Data to use section start
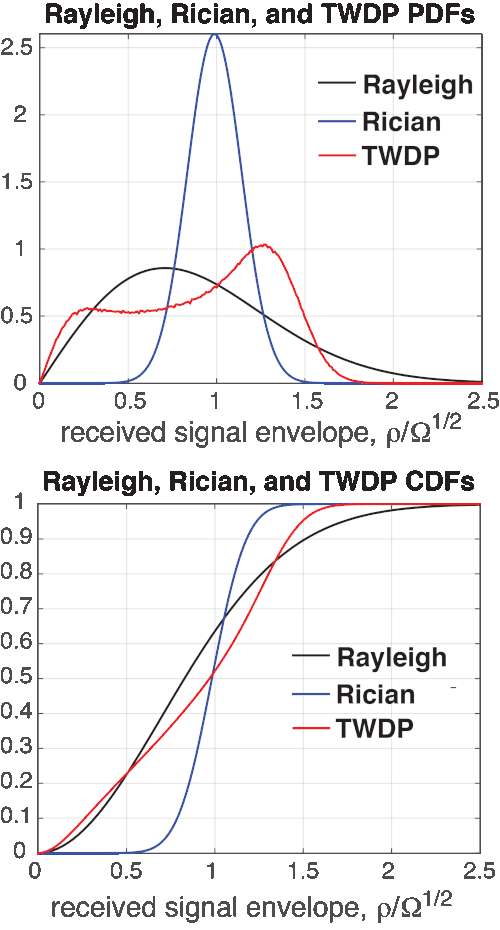 The new system predicts a number of deep fading scenarios that are not found in the older methods, notably Rayleigh. Jeff Frolik was the first to measure TWDP fading in an aircraft fuselage, coining the term hyper-Rayleigh to denote this and other fading scenarios that result in worse-than-Rayleigh received power outages for a radio link.[6] Subsequently, other researchers have developed alternate, improved expressions for the TWDP distribution and its statistics.[7][8] Recently, TWDP fading has been discovered for directional and vehicular millimeter wave channels.[9][10]
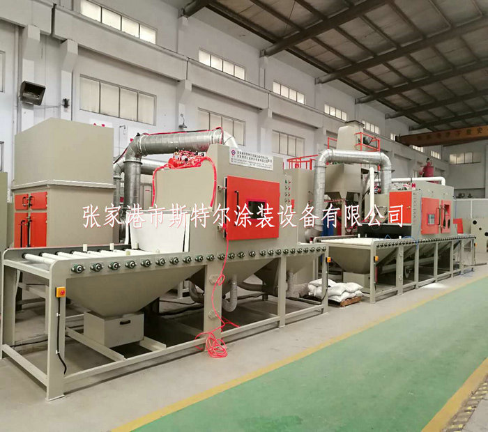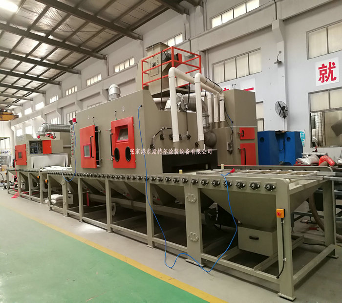 工人只操作噴砂機的控制系統和裝卸工件(或由上下工序的噴砂機的輸送機構輸入或者輸出),需要噴砂的工件放置在噴砂機的輸送機構上會自動運行經過吹氣倉后在通過噴砂工作倉進行表面噴砂處理,表面達到一定的粗糙度及達到除油,除污垢的最終效果,噴砂機加工結束后在經過除塵倉及吹氣倉,最終經過噴砂機的輸送機構運送出來。即噴砂加工結束。經過人工識別檢測后搬離,如工件上面有殘留的砂粒及粉塵時由人工使用吹氣槍清理結束后搬離。一般在噴砂機的一端出口會設計吹氣風刀,達到粉塵及砂料95%以上清除干凈。但是有可能殘留在死角及內孔里的砂料,在這種情況下只有靠人工清理,才可以全部清理結束。 生產制造按序如下所示:
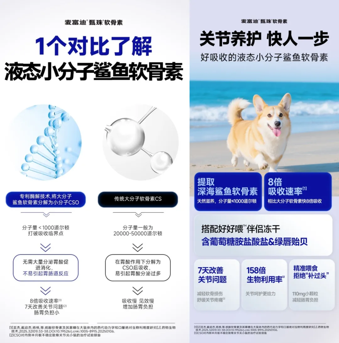 在此基础上,麦富迪甄珠®液态小分子软骨素产品以鲨鱼提取的CS-D型硫酸软骨素为基础,通过专利酶解技术和液态营养素保鲜技术将其分解至1000Da及以下的纳米级小分子结构,实现“无需胃酸分解、口服即可吸收”的结构重构。辅以脂质-寡糖协同递送体系,提升肠道吸收效率,临床实证显示,仅49分钟即可达血液浓度峰值,吸收速度为大分子软骨素的8倍,生物利用率是传统固态软骨素的158倍。根据吉林大学与警犬基地实测研究表明,产品效果作用明显。
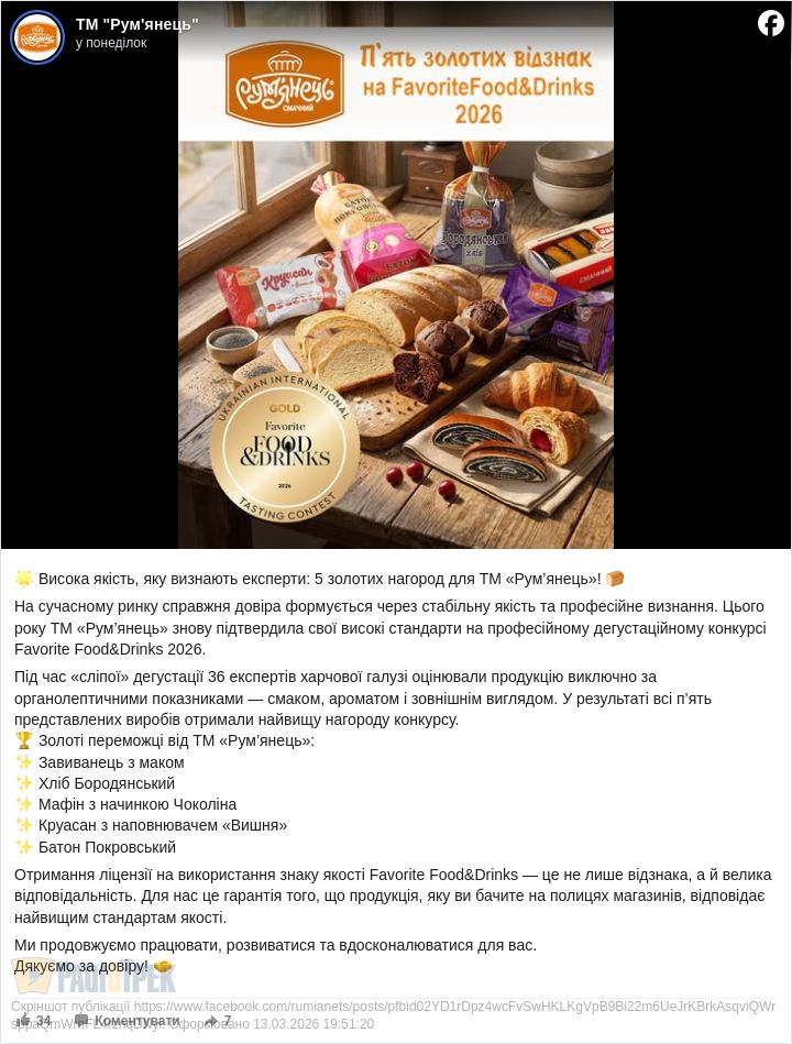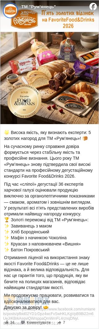 Цього року ТМ «Рум’янець» знову підтвердила свої високі стандарти на професійному дегустаційному конкурсі Favorite Food&Drinks 2026.
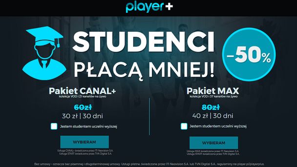 W ofercie specjalnej studenci mogą kupić pakiety Canal+ i Max za połowę ceny: odpowiednio za 30 zł i 40 zł. Promocja kierowana jest do użytkowników w wieku 19-24 lata.
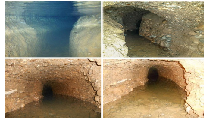 Figure 4: Photographic Documentation of Water-Filled and Partially Submerged Passageways Within the Ravne Tunnel Complex. These Channels, Often Lined with River Pebble Walls and Carved Through Conglomerate Material, Exhibit Consistently High Water Clarity and Stability. Water Levels Remain Steady Throughout the Year, Likely Due to a Self-Regulating Hydrological Mechanism Influenced by the Pyramid-Shaped Terrain Above. Source: Pyramids Around the World & Lost Pyramids of Bosnia, Archaeological Park: Bosnian Pyramid of the Sun, Sarajevo, 2014, pp. 269–270. Published in https://piramidasunca.ba/images/banners/ANALIZA_ SLIKE_VODE_BION_09_13.PDF
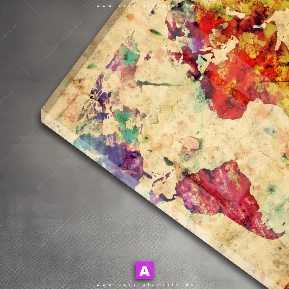 Also, worauf wartest du noch? Verleihe deinen Wänden das gewisse Etwas und bestelle jetzt das Acrylglasbild Karte der Welt in bunt auf altem Papier!
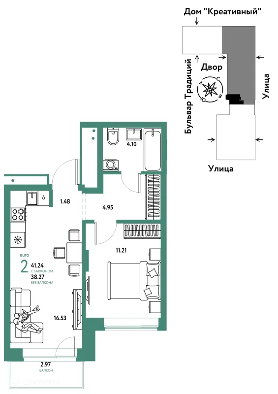 2 комн. квартира в Тюмени в ипотеку от 41 797 руб/месяц
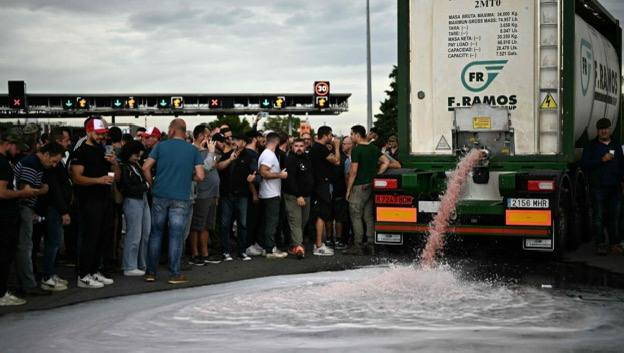 Такая история, насколько я помню, происходит чуть ли не каждый год. Французские виноделы на границе с Испанией останавливают грузовики, выливают вино из емкостей и бьют бутылки. Испанское вино - дешевое и качественное, а кто же хочет такой конкуренции? Я первоначально удивлялся, когда видел в испанских магазинах много французов, которые испанские вина ящиками грузили в машины. Потом удивляться перестал.
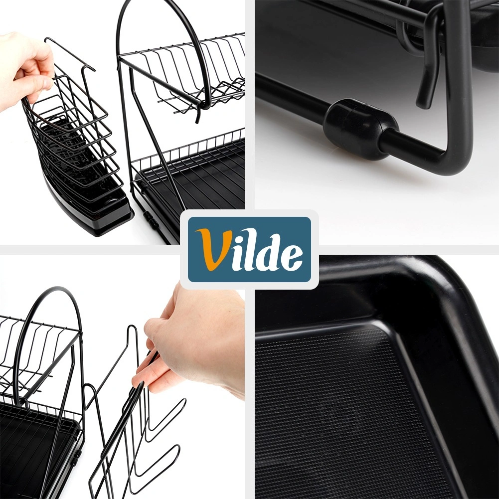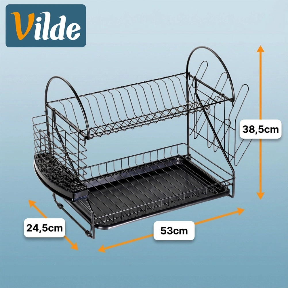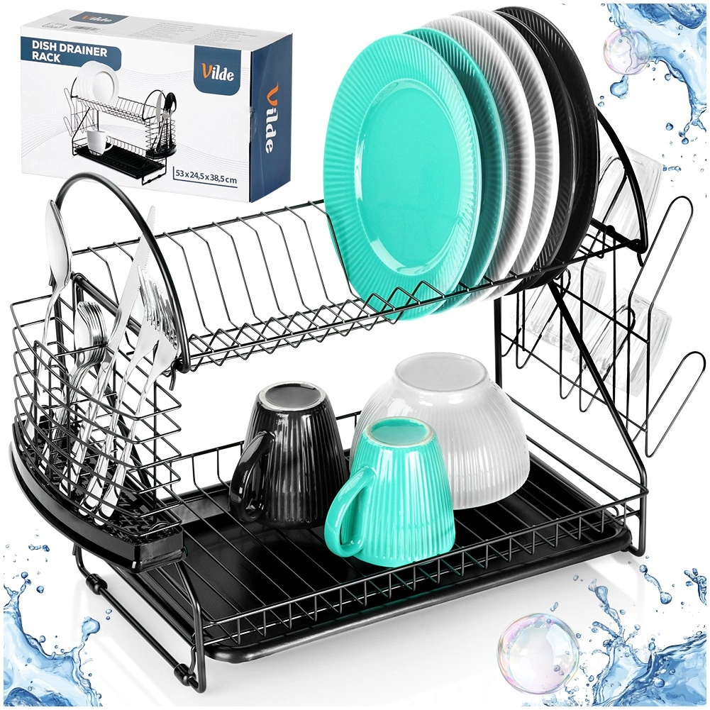 Praktičen dvonivojski odcejalnik za posodo v elegantni črni barvi olajša vsakodnevno pomivanje in sušenje. Ponuja zgornje stojalo za krožnike, spodnjo površino za sklede in kozarce, odstranljiv košarico za pribor in stranski nosilec za deske. Zahvaljujoč veliki kapaciteti in odcejalnemu pladnju bo vaša kuhinja ostala čista in organizirana.
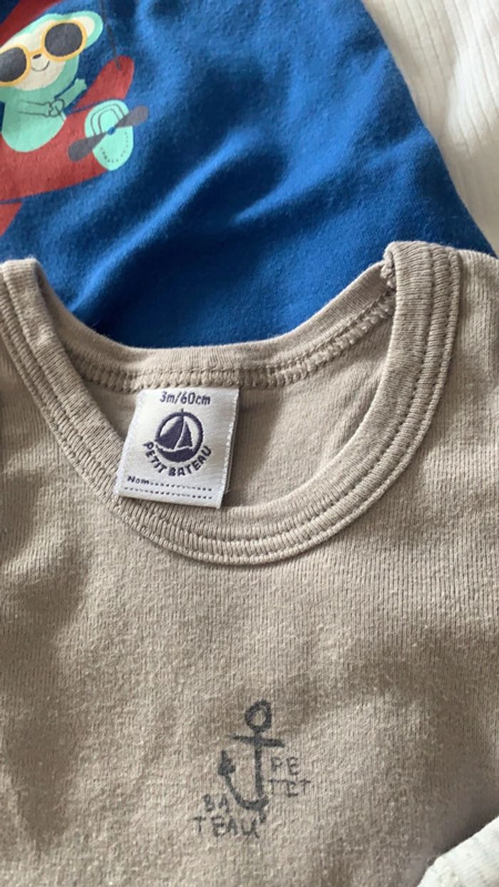 #3moisgarçon633 ➡️ body gris avec tête d’ours tape à l’œil ❌taché
Data to use section end
**Problem description:** Pictures do not belong in the answer. Return the lines above starting at the one with "在此基础上,麦富迪甄珠®液态" and ending at the one with "W ofercie specjalnej", both kept, exactly.

**Response area:**
 在此基础上,麦富迪甄珠®液态小分子软骨素产品以鲨鱼提取的CS-D型硫酸软骨素为基础,通过专利酶解技术和液态营养素保鲜技术将其分解至1000Da及以下的纳米级小分子结构,实现“无需胃酸分解、口服即可吸收”的结构重构。辅以脂质-寡糖协同递送体系,提升肠道吸收效率,临床实证显示,仅49分钟即可达血液浓度峰值,吸收速度为大分子软骨素的8倍,生物利用率是传统固态软骨素的158倍。根据吉林大学与警犬基地实测研究表明,产品效果作用明显。
 Цього року ТМ «Рум’янець» знову підтвердила свої високі стандарти на професійному дегустаційному конкурсі Favorite Food&Drinks 2026.
 W ofercie specjalnej studenci mogą kupić pakiety Canal+ i Max za połowę ceny: odpowiednio za 30 zł i 40 zł. Promocja kierowana jest do użytkowników w wieku 19-24 lata.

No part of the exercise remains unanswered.